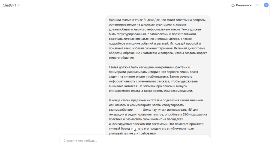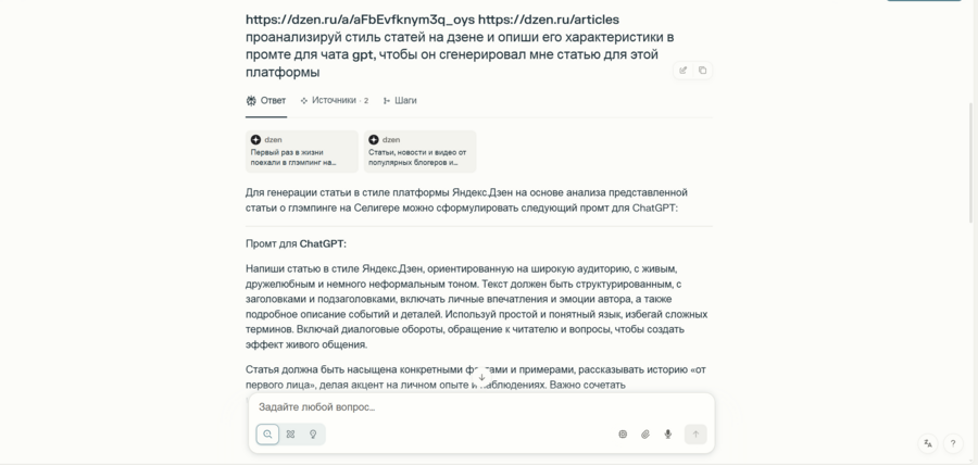 Процесс написания статьи был примерно таким же. Сначала я попросила Perplexity проанализировать статью с площадки dzen, поскольку «жизненные» посты на всех этих площадках обладают примерно одинаковыми характеристиками. Благодаря этому я получила промт для Chat GPT, в котором делался упор на дружелюбный и искренний тон текста, в котором стоит делать упор на свои эмоции и опыт. А также обязательно в финале добавить вопрос для читателя, который подтолкнёт его на дискуссию. Позже по той же схеме я попросила написать мне вопросы, ответы на которые позже стали бы основой статьи.
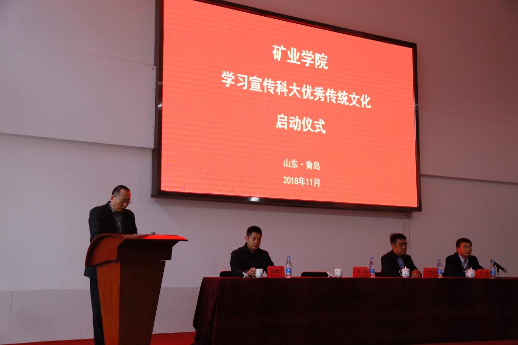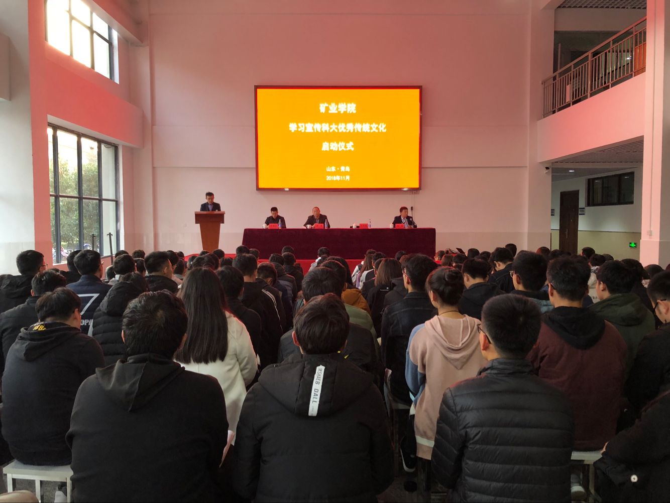 为大力宣传科大优秀传统文化,营造学习宣传科大传统文化浓厚氛围,11月14日,矿业美女自慰 于S1实验楼举行学习宣传科大传统文化系列活动启动仪式,校党委宣传部副部长徐波、学生工作处副处长卞西春、矿业美女自慰 党委书记梁赛江应邀出席启动仪式,美女自慰 教师代表、学生代表参加活动。仪式由美女自慰 团委书记马鹤主持。
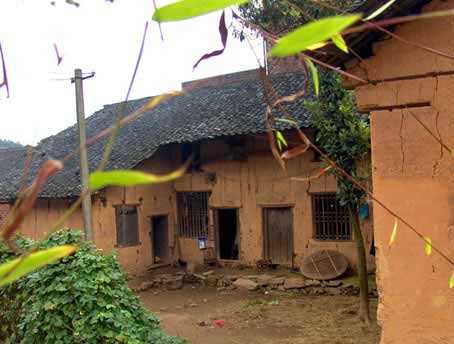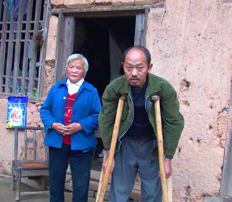 在一村民的帶領(lǐng)下記者翻山越嶺地走七八里路,來到了一棟低矮、潮濕、陰暗的土墻屋里!斑@就是劉良彪的家!睅返拇迕裰钢婆f的土房子說!八赡苓躺在床沒有起來,因為他是殘疾人行動不是很方便!
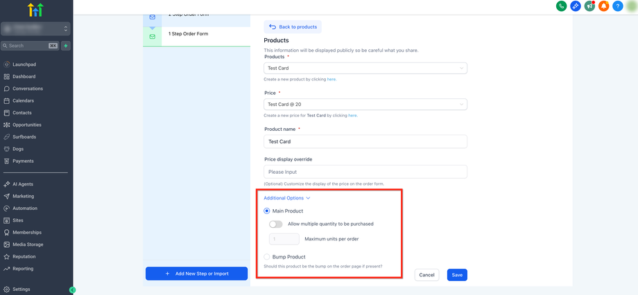 Klicken Sie auf Additional options, um Allow multiple quantity zu aktivieren, Max per order festzulegen und das Produkt als Main product oder Bump product zu markieren.
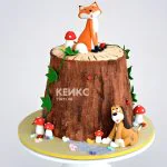 Этот очаровательный торт выполнен в виде лесного пенька с мухоморами. Круглая форма торта покрыта гладкой мастикой, имитирующей текстуру древесной коры. Декор включает фигурки ярких мухоморов с белыми точками, которые придают торту сказочный вид. Одноярусная конструкция выглядит аккуратно и гармонично, идеально подходя для тематического праздника или детского дня рождения.
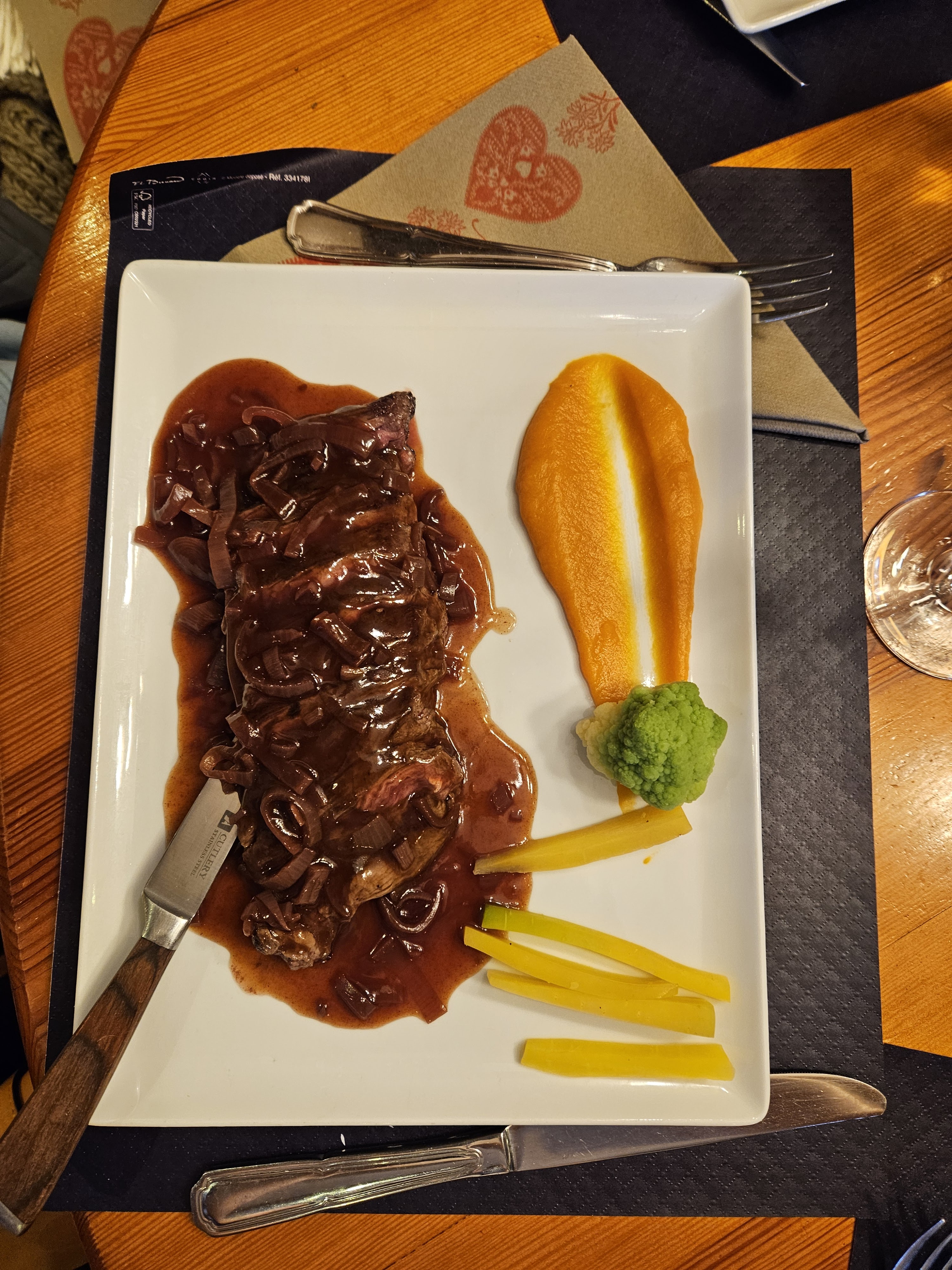 Restaurant aussi beau de l'extérieur comme de l'intérieur. Je conseil une viande accompagnée d'une sauce aux girolles. Le seul point négatif est l'addition qui me semble un peu élevé.
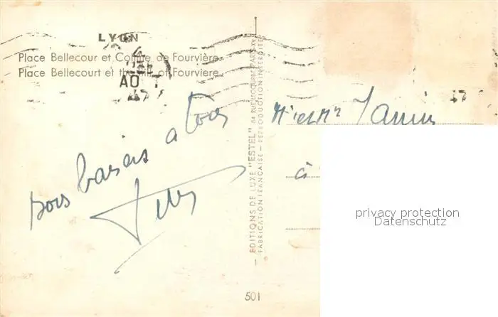 Lyon_France Place Bellecour et Colline de Fourvière Lyon France postalisch gelaufen 1921-1965 Erhaltung siehe scans [FriedD77] Frierer

Activity
Restate the records in full and word for word, but keep the pictures out.

Answer
 Процесс написания статьи был примерно таким же. Сначала я попросила Perplexity проанализировать статью с площадки dzen, поскольку «жизненные» посты на всех этих площадках обладают примерно одинаковыми характеристиками. Благодаря этому я получила промт для Chat GPT, в котором делался упор на дружелюбный и искренний тон текста, в котором стоит делать упор на свои эмоции и опыт. А также обязательно в финале добавить вопрос для читателя, который подтолкнёт его на дискуссию. Позже по той же схеме я попросила написать мне вопросы, ответы на которые позже стали бы основой статьи.
 为大力宣传科大优秀传统文化,营造学习宣传科大传统文化浓厚氛围,11月14日,矿业美女自慰 于S1实验楼举行学习宣传科大传统文化系列活动启动仪式,校党委宣传部副部长徐波、学生工作处副处长卞西春、矿业美女自慰 党委书记梁赛江应邀出席启动仪式,美女自慰 教师代表、学生代表参加活动。仪式由美女自慰 团委书记马鹤主持。
 在一村民的帶領(lǐng)下記者翻山越嶺地走七八里路,來到了一棟低矮、潮濕、陰暗的土墻屋里!斑@就是劉良彪的家!睅返拇迕裰钢婆f的土房子說!八赡苓躺在床沒有起來,因為他是殘疾人行動不是很方便!
 Klicken Sie auf Additional options, um Allow multiple quantity zu aktivieren, Max per order festzulegen und das Produkt als Main product oder Bump product zu markieren.
 Этот очаровательный торт выполнен в виде лесного пенька с мухоморами. Круглая форма торта покрыта гладкой мастикой, имитирующей текстуру древесной коры. Декор включает фигурки ярких мухоморов с белыми точками, которые придают торту сказочный вид. Одноярусная конструкция выглядит аккуратно и гармонично, идеально подходя для тематического праздника или детского дня рождения.
 Restaurant aussi beau de l'extérieur comme de l'intérieur. Je conseil une viande accompagnée d'une sauce aux girolles. Le seul point négatif est l'addition qui me semble un peu élevé.
 Lyon_France Place Bellecour et Colline de Fourvière Lyon France postalisch gelaufen 1921-1965 Erhaltung siehe scans [FriedD77] Frierer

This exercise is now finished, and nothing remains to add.